#### What is needed
Repeat the data that follows verbatim. Images are not part of the copy.

---------- Data

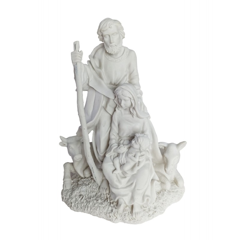 Belén compacto en resina blanca. Los rasgos de las figuras están nítidos y detallados. Se venden en blanco para decorar como se desee, pintados, teñidos o con pan de oro o plata.
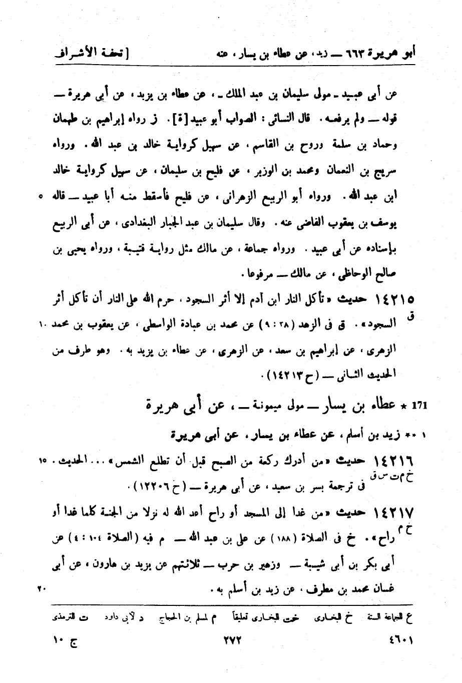 14216 -[خ م ت س ق] حديث من أدرك ركعة من الصبح قبل أن تطلع الشمس ... الحديث. في ترجمة بسر بن سعيد، عن أبي هريرة - (ح 12206) .
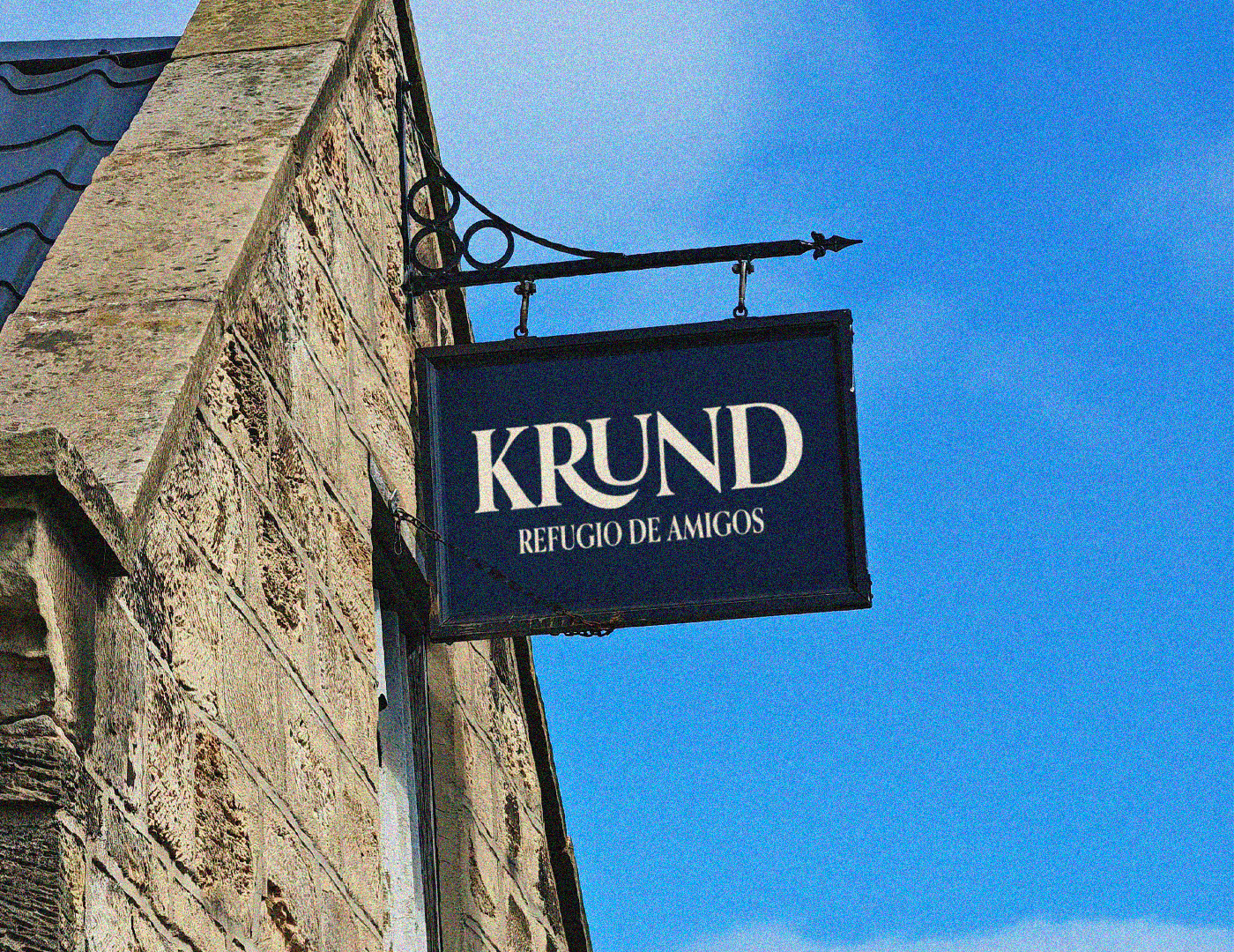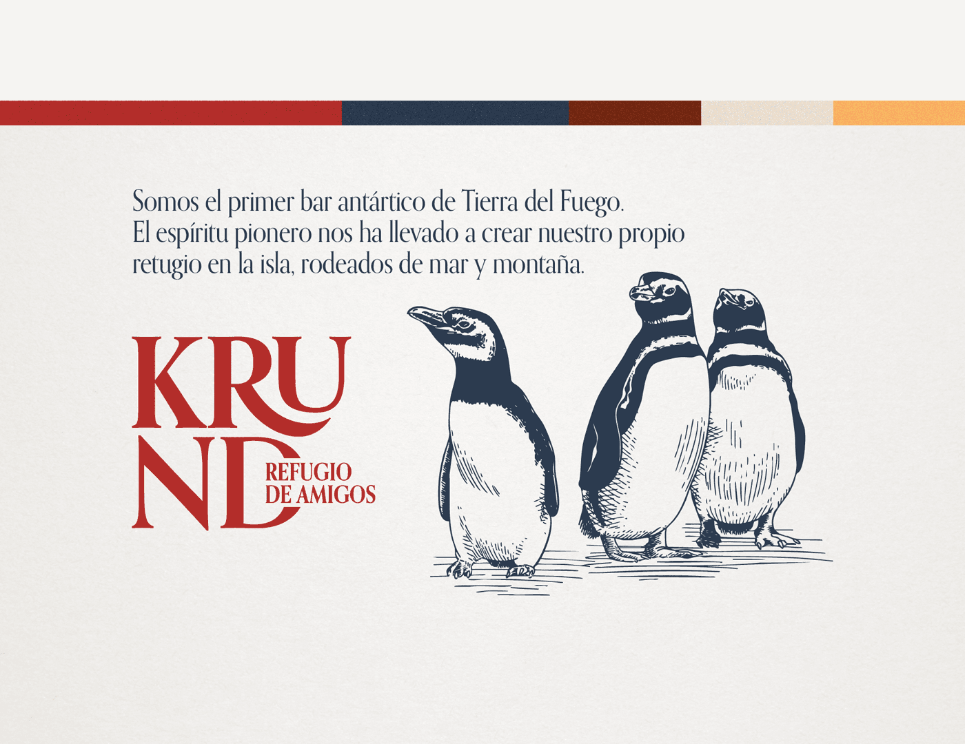Krund es el primer bar antártico de Tierra del Fuego, Argentina, y necesitaba una marca con historia y personalidad. El punto de partida fue Ernesto Krund, un explorador del siglo XX que, según la leyenda, llegó nadando hasta la costa fueguina: algunos dicen que escapaba de la ley, otros que buscaba oro, y muchos creen que simplemente se dejó conquistar por el paisaje austral. Esa esencia aventurera y libre se transformó en el núcleo del branding: una narrativa clara, auténtica y conectada con el territorio, que refleja carácter, experiencia y una identidad con sentido propio.

--------------------

#### Worked solution
 Belén compacto en resina blanca. Los rasgos de las figuras están nítidos y detallados. Se venden en blanco para decorar como se desee, pintados, teñidos o con pan de oro o plata.
 14216 -[خ م ت س ق] حديث من أدرك ركعة من الصبح قبل أن تطلع الشمس ... الحديث. في ترجمة بسر بن سعيد، عن أبي هريرة - (ح 12206) .
Krund es el primer bar antártico de Tierra del Fuego, Argentina, y necesitaba una marca con historia y personalidad. El punto de partida fue Ernesto Krund, un explorador del siglo XX que, según la leyenda, llegó nadando hasta la costa fueguina: algunos dicen que escapaba de la ley, otros que buscaba oro, y muchos creen que simplemente se dejó conquistar por el paisaje austral. Esa esencia aventurera y libre se transformó en el núcleo del branding: una narrativa clara, auténtica y conectada con el territorio, que refleja carácter, experiencia y una identidad con sentido propio.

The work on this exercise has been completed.